Task objective - In the material below, the lines between the one holding "理塘毛埡草原牦牛成群。" and the one holding "Shein Green Ditsy", inclusive, are to be set down word for word. Pictures stay out.
▶
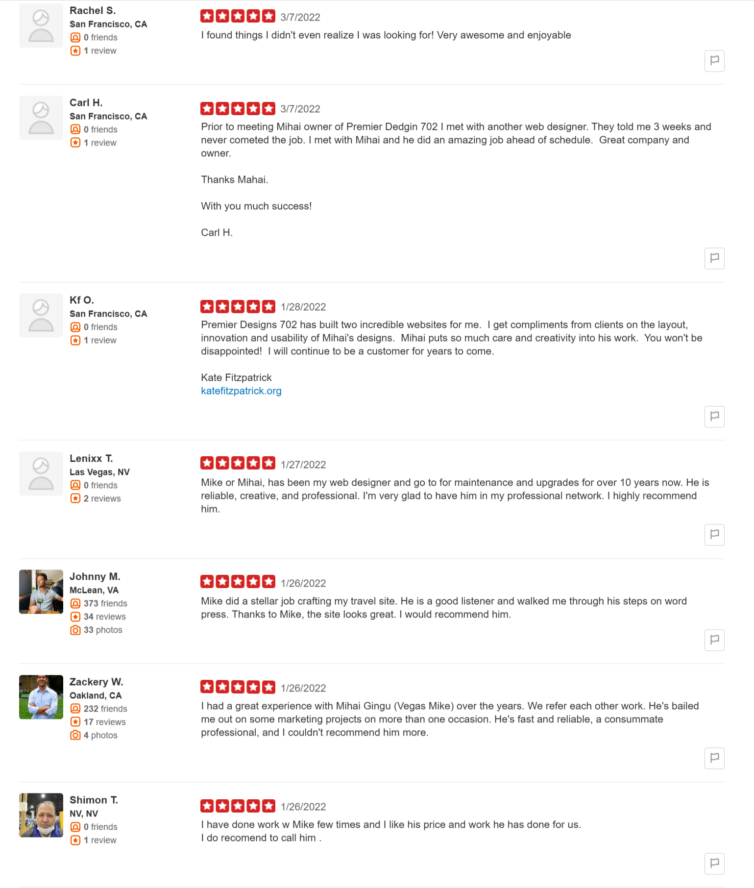 View more of Mihai’s website creator reviews from previous clients below! Welcome to Premier Designs 702, where quality web design meets exceptional service. Our website creator reviews showcase the dedication and expertise we bring to every project, helping businesses grow across Las Vegas and beyond.
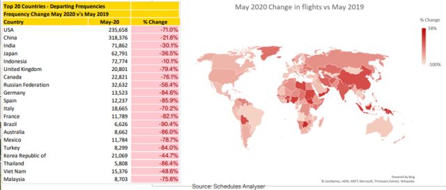A finales del mes de abril veíamos con alegría como el mercado doméstico en China comenzaba a alcanzar cifras arriba del 50%. La Consultoría Cirium, mencionaban que las cancelaciones continuaban siendo altas, pero la recuperación en los vuelos nacionales continuarán, siguiendo una tendencia a la pronta recuperación.
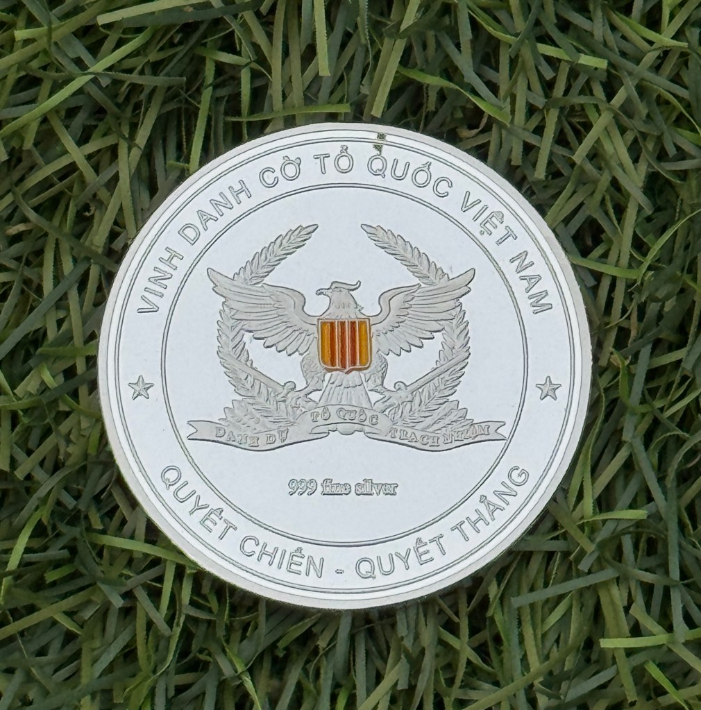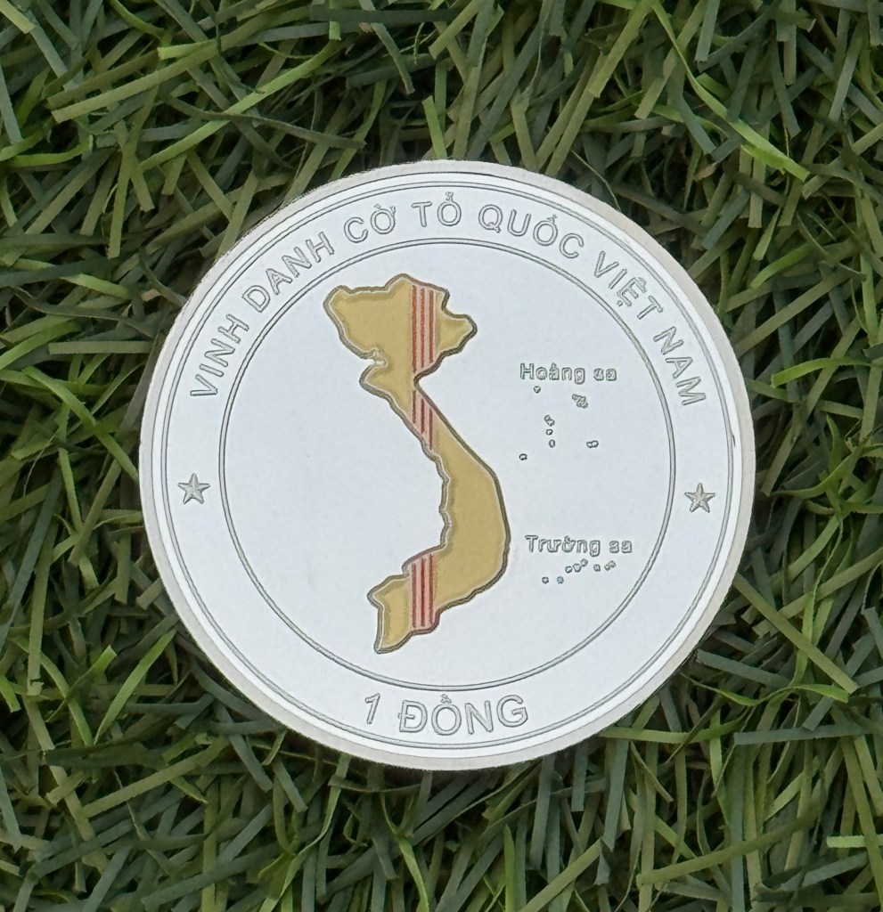 Tijdens de afterparty thuis bij de voorzitter van de NSVL – Ba Nguyen – ontving ik van mijn Vietnamese vrienden als herinnering een mooie zilveren munt van1 đồng en een gele vlag
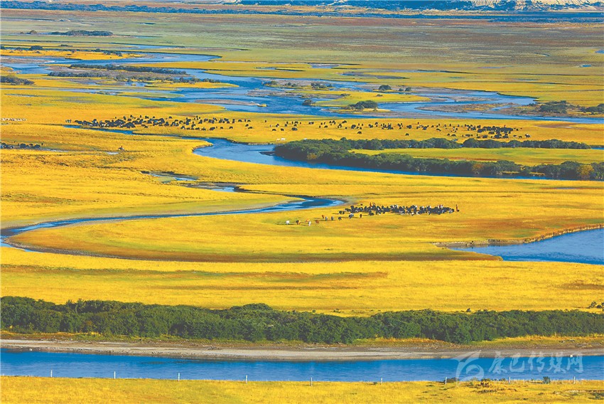 理塘毛埡草原牦牛成群。
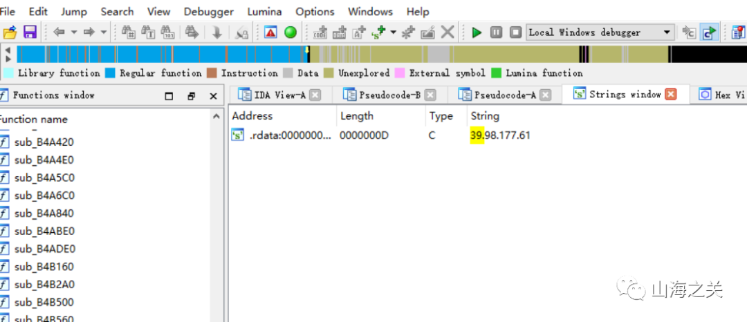 将程序扔到ida中,先搜索一下恶意ip地址,再到具体函数中进行分析:
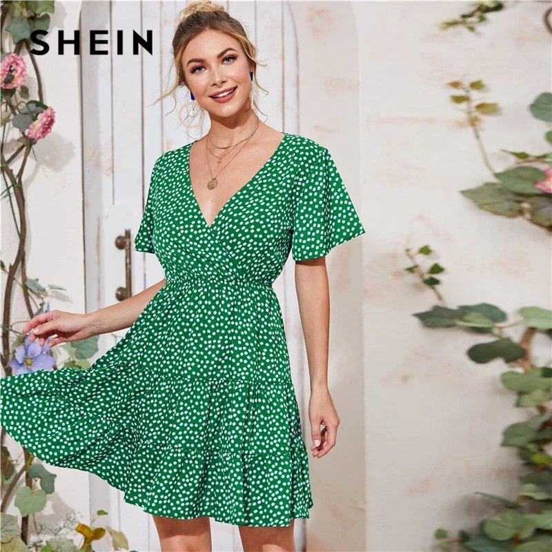 Shein Green Ditsy Floral Surplice Front Ruffle Hem Dress Women V
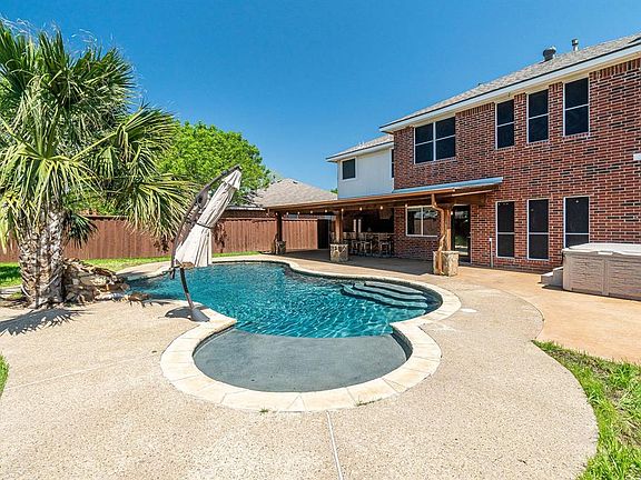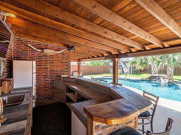 Live in an oasis. The yard is big with a sparkling clean saltwater pool. You will feel like you are on vacation every time you are out there, seated at the super cool outdoor Western-style bar in the shade. There are several places to sit and to lay out in the sun, and yet still enough yard space for a dog or two and places to play. The storage building is included too for your lawnmower and pool equipment and your toys. That leaves room to park both of your cars in the garage. There is a shower in the utility room to clean up before you enter the house. The master bedroom is upstairs. The whole family can unwind in the gameroom together or you can enjoy tons of space downstairs along with a private office
◀
Completed task -
 理塘毛埡草原牦牛成群。
 将程序扔到ida中,先搜索一下恶意ip地址,再到具体函数中进行分析:
 Shein Green Ditsy Floral Surplice Front Ruffle Hem Dress Women V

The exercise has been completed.